MANCHESTER -- You have to hand it to Howard Dean's volunteers: They never say die.
I saw about 30 Deanies out in front of Kerry's post-primary party chanting and waving signs -- 15 minutes after the polls closed. Nobody knew the spread yet, but it was obvious Kerry had won, and probably won big. Flocks of Kerry supporters marched by the overzealous campaigners, barley granting them sideways glances. They just wanted to get inside and enjoy the victory.
After about 20 minutes someone took the bait and charged toward the doctor's supporters with a Bush/Cheney 2004 sign over his head. He was quickly surrounded, the crowd jabbing their fingers at him from all sides, shouting "Hey Hey! Ho Ho! George Bush has got to go!" When the president's lone wolf supporter retreated the crowd cheered loudly, as if it made up for Dean's loss.
Manchester on the night of a primary is a magical thing. Everyone should experience it at least once in their lives. The streets are full of candidates' supporters, press from all over the world, and some real oddballs. A pseudo-gospel group in golden robes set up in front of the CNN bus and sang nonsensical ditties about fields and flying. A car full of men in suits pulled up next to me while I was walking down the street and boomed at me through a megaphone, "Will you support me, the visionary, for president? I am good. I deserve to be reelected forever." Then, cackling, they peeled off.
In comparison, the politicians' speeches last night were fairly boring. I almost hated leaving the wild streets to listen to the same stump speech I've been hearing for a year and a half.
Kerry's crowd was politely enthusiastic, even if his wife looked bored, alternately gazing off into the distance and staring at the floor while her husband spoke. By contrast, Dean's headquarters was bursting at the seams. When Dean took the stage the roar lasted for a full five minutes. Dean kept his jacket on this time, and he didn't begin shouting in Spanish, so it was a big improvement over Iowa. I was surprised by how many in the press corps were wondering if Dean would go berserk again. I mean, how crazy do they think he is?
Dean told supporters that the distant second place showing had gotten his campaign "back on track." Those up front seemed to buy it, but a few of those standing out back were wondering if the good doctor has what it takes to compete in South Carolina after two consecutive drubbings. It's a reasonable question: Wasn't Dean supposed to have tied this thing up by now? When asked on Nightline what he learned in New Hampshire, Dean couldn't think of anything better than it's not such a good thing to be a "frontrunner early on."

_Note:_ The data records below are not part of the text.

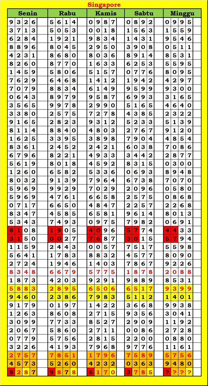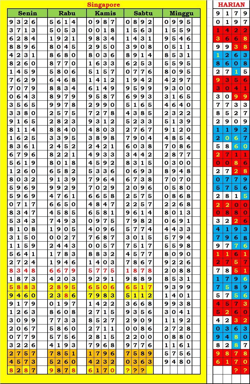 MASTER SINGAPURA Sabtu, 06-12-2025 Merupakan Prediksi Otomatis yang menggabungkan Metode Kalender Togel Dengan Rumus-rumus kontrol yang sudah terbukti keakuratanya.Gunakan Aplikasi Rekap untuk mendapatkan LN TOP. Harap Maklum Jika kadang meleset MASTER SINGAPURA kita. Jadikan ini sebagai perbandingan saja dan tetap UPS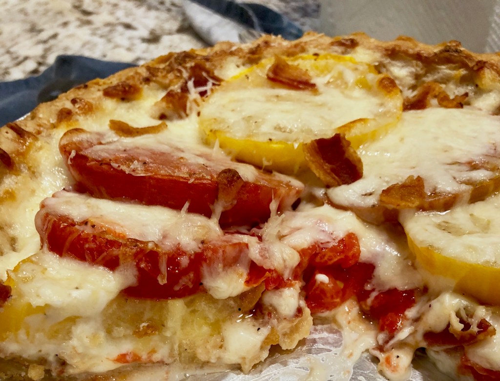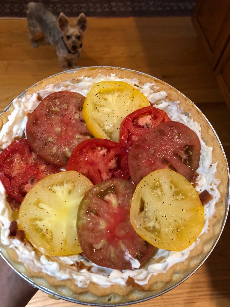 Mix cooked, chopped bacon with the mayo. Spread an even layer of the tomato slices over the pie. Season with freshly ground pepper.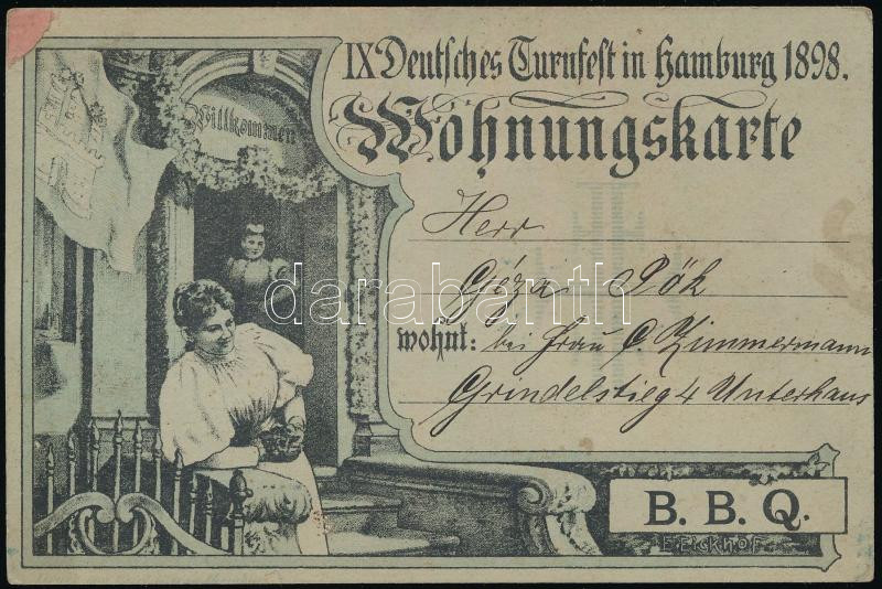 1898 Hamburg, IX. Deutsches Turnfest in Hamburg, Wohnungskarte(szállás... https://www.darabanth.com/de/280-Fernauktion/280.0/Andere-Sammelgebiete/Drucksachen~43/1898-Hamburg-IX-Deutsches-Turnfest-in-Hamburg-Wohnungskarteszallasigazolas~II1445184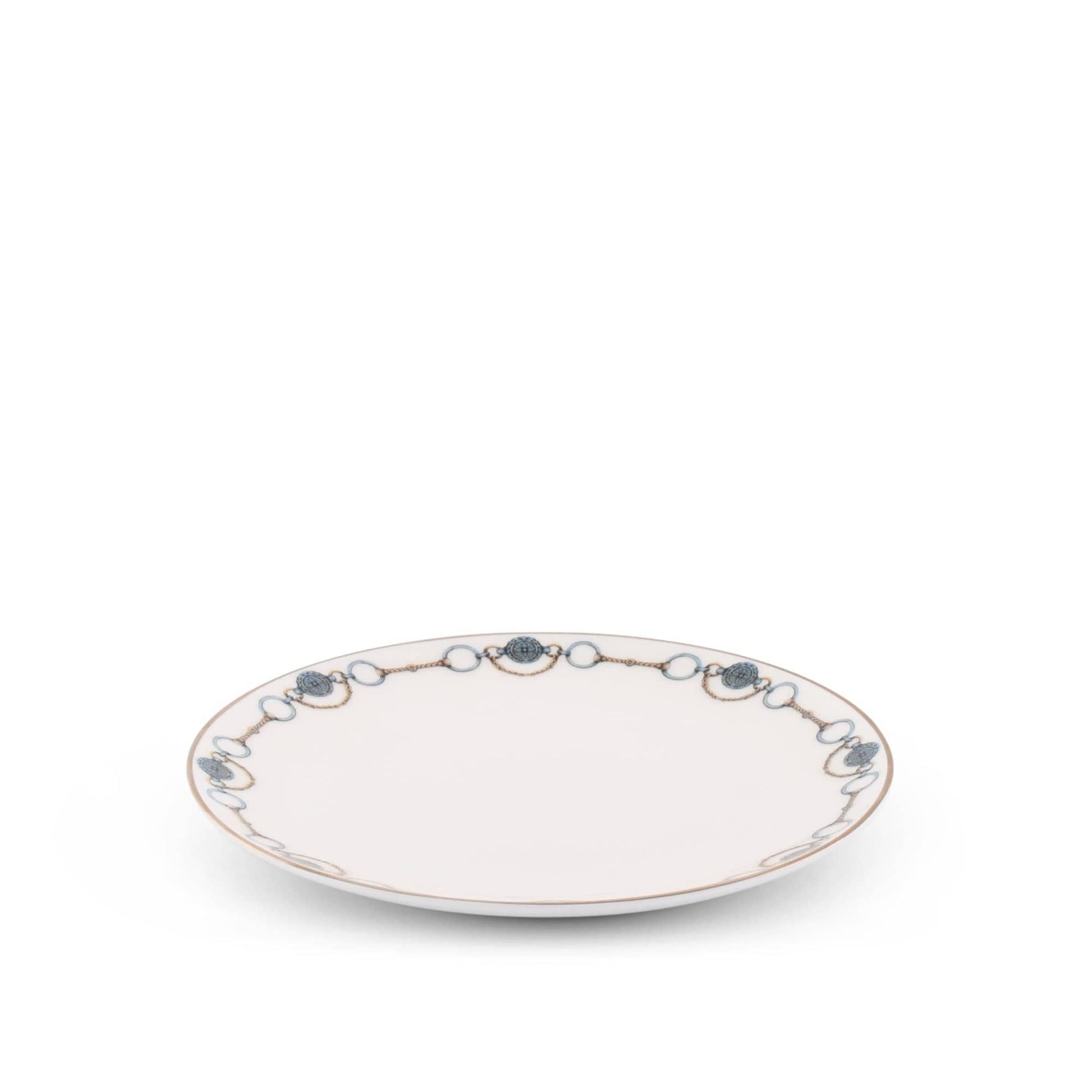 The Amarillo Concho Pattern Bone China Round Bread Plate is a fusion of bold western aesthetics and premium Bone China. This luxury bread plate is versatile, designed and painted by the celebrated artist Leesa Greenlee. An intricate silver Concho pattern pendant on pewter O ring snaffle bits dancing across the surface, completed by a subtle gold rim gives it an edge over other dinnerware. The generous 6.5 Diameter size is perfect for serving a range of exquisite delicacies, adding elegance to your special dinner events.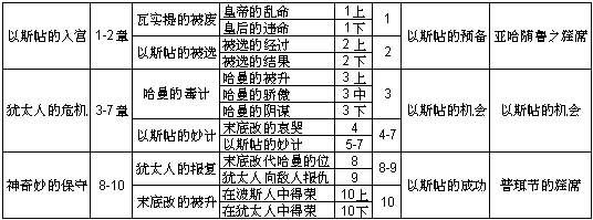 1. 瓦实提被废 2. 以斯帖入宫 3. 哈曼的毒计 4. 末底改的挑战 5. 以斯帖设筵款待哈曼 |

"We are going to win this nomination, aren't we?" Dean asked supporters. That doesn't bode well for Dean's campaign. Didn't he just spend the past two years asking the people of New Hampshire this question?
SPEAKING OF RIVERS in Egypt, Joe Lieberman cast his fifth place finish as a "three-way tie for third." Clark and Edwards were both at 12 percent, Lieberman took nine percent. And some have the gall to question is our senators learning.

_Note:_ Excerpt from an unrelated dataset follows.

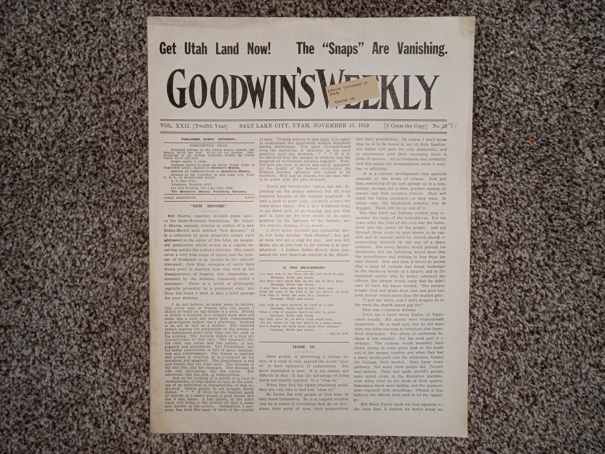 Goodwin’s Weekly: Vol. 22 [Twelfth Year], No. 31, Salt Lake City, Utah, November 15, 1913

Dennis Kucinich celebrated his one percent finish with a raucous party. It looked like the scene of a great victory. Teens and twentysomethings were jumping up and down, cheering, and pretty much all agreed Kucinich would catch on and become president. A bunch of old, frazzle-haired hippies stood outside rolling cigarettes and puffing away.
"How do you feel?" I asked one of them.
"I feel groovy, man," he said.
"Yeah, winning isn't everything," another added defensively. "Being a messenger is more important than being a winner."
I didn't make it to Edwards' party, but I saw the speech on television. He gave his "two Americas" number yet again, which was something of a disappointment. A lot of people, myself included, thought he would do a bit better. Edwards seemed disappointed, but undeterred. He has, after all, been eagerly waiting for the day when the campaign moves south. But the tie between Edwards and Wesley Clark muddies things a bit, leaving the mantle of "major Southern contender" up for grabs in a very brief primary system. It'll be high noon at the South Carolina Corral next week.
IN THE FINAL TALLY, Al Sharpton only collected 64 of the nearly 200,000 votes cast. Exit polls didn't shed any light on his puzzling last place finish, but word on the street is his support was split down the middle between appreciative stand-up comedians and mischievous Republicans.
Well, it's all over. John Kerry defied all expectations and won both Iowa and New Hampshire by impressive margins, making him a formidable candidate and proving the Dean Revolution was a paper tiger. Of course, much of that paper is green, and Dean will likely be around for some time yet.
But this small state, endlessly sneered at as "unrepresentative" by pundits who'd rather slog it out in warmer climes, has helped set the national agenda yet again. So now come two well deserved years of unclogged streets and silence, beautiful silence.